The female sale will also include about 120 PTIC stud Lawson Angus blood Angus females, ranging in age from four to nine years, including elite donor cows in the top five percent of EBVs for the Angus breed.
300 bulls on Lake Nash
One of the first large-scale commercial cattlemen to zone-in on the UltraBlack as a herd bull option is Peter Hughes, whose Georgina Pastoral Company operates extensive breeding and growing properties on the Barkly Tabeland, Tambo district and Channel Country in western Queensland.
Nindooinbah has already contract-bred 300 UltraBlack herd bulls for use over Georgina Pastoral’s extensive 50-75pc Indicus crossbred females on 8500sq km Lake Nash, on the Barkly Tableland.
Nindooinbah general manager Nick Cameron said the UltraBlack composite would appeal to commercial cattlemen across large areas of Queensland and northern Australia.
“We see them filling an important role both in southern Queensland and in those zones further north where Angus bulls struggle. But equally, in the more extreme breeding areas of the far north where nutrition is poor and conditions much tougher, Brangus bulls will still play a role,” he said.
Role to play, says geneticist
Well-known beef genetics and breeding consultant Don Nicol has worked closely with Nindooinbah in the development of the first UltraBlack composites.
“In my opinion the UltraBlack program at Nindooinbah provides the best genetics that the Angus and Brangus breeds have to offer,” Mr Nicol said.
“The 18 percent Brahman blood makes for a sleeker-coated animal conferring heat resistance such that the animal can survive and breed in a broader range of climatic zones."
"The phenotype of the animal shows clean sheaths in bulls; hump and ears are minimal making them eligible for MSA programs; while their polled heads assist in crossbreeding programs that aim to breed the horns off cattle,” he said.
Mr Nicol said the effect of maternal hybrid vigour was evident in the females producing a high level of weaning weight relative to females joined through high fertility and mothering performance through to weaning.
“UltraBlacks are still new to Australia, but have grown in popularity in Texas and other hotter southern States of the US, where stabilised herds have been producing multi-generation UltraBlacks, inter-breeding UltraBlack bulls and cows for some time,” he said.
With their improved heat resistance relative to straightbred Angus, UltraBlack bulls had a role to play in many harsher environments, Mr Nicol said.

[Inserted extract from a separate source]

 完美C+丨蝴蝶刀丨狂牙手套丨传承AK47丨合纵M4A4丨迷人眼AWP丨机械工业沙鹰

“Mated to high-grade Brahman cows, UltraBlack bulls will provide a strong level of hybrid vigour, improved carcase quality and a higher level of reproductive performance in the daughters combined with the ability to be adapted herd replacements.”
UltraBlack females mature early but with their 3/16 Brahman content are well-adapted to a range of extensive environments in northern Australia. Conversely the 13/16 Angus component means the widely-recognised Angus traits remain well-expressed.

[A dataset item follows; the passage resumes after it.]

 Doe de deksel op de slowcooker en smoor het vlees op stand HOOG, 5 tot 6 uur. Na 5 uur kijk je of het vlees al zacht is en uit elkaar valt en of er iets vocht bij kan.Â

“They are particularly suited to more extensive grazing areas in the non-ticky zone of Queensland and the Northern Territory where distance between waters is a factor,” Mr Nicol said.
More details about the female sale offering and UltraBlack cattle are available on the Nindooinbah website, click here.

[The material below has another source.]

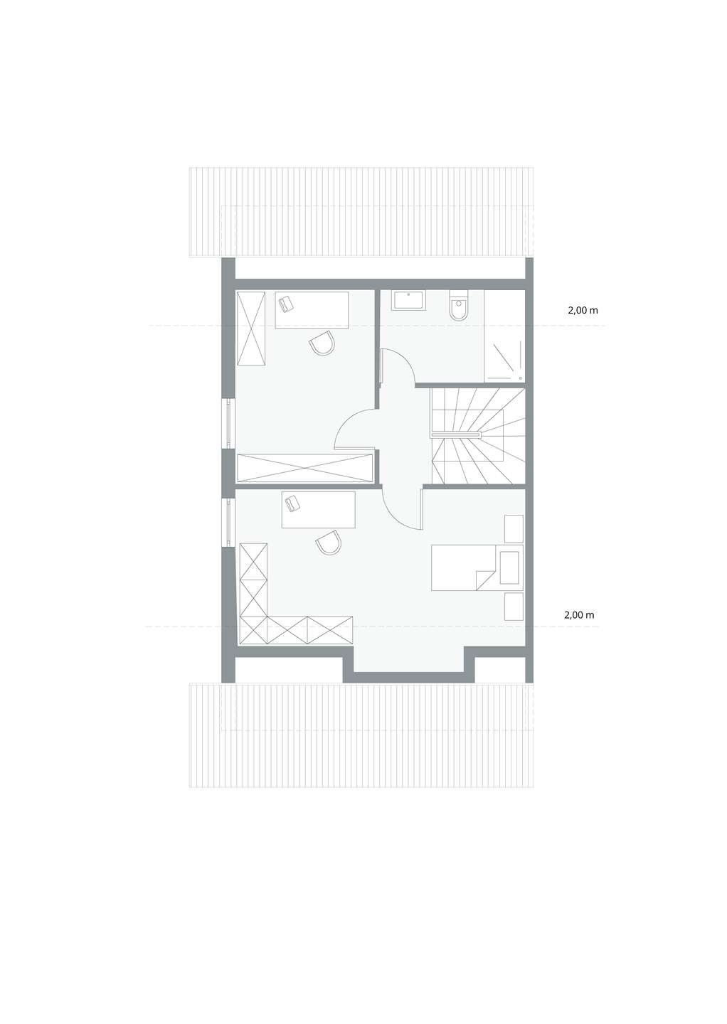 Das voll ausgebaute Dachgeschoss verfügt über ein großzügiges Schlafzimmer und einen weiteren Raum, der sich ideal zum Arbeiten im Home-Office oder als Gästezimmer eignet. Ihren zukünftigen Gästen steht auf dieser Etage ein weiteres Duschbad zur Verfügung.

- Nindooinbah general manager Nick Cameron will speak at the upcoming International Genetics Conference being held as a precursor to the Beef Australia 2012 event in Rockhampton in May. His topic is “Running a large-scale ET operation.” Nindooinbah will also have a stud display at Beef 2012, featuring UltraBlack, and two Brangus bull lines with different Indicus content, suited to different northern environments. All will be available for sale.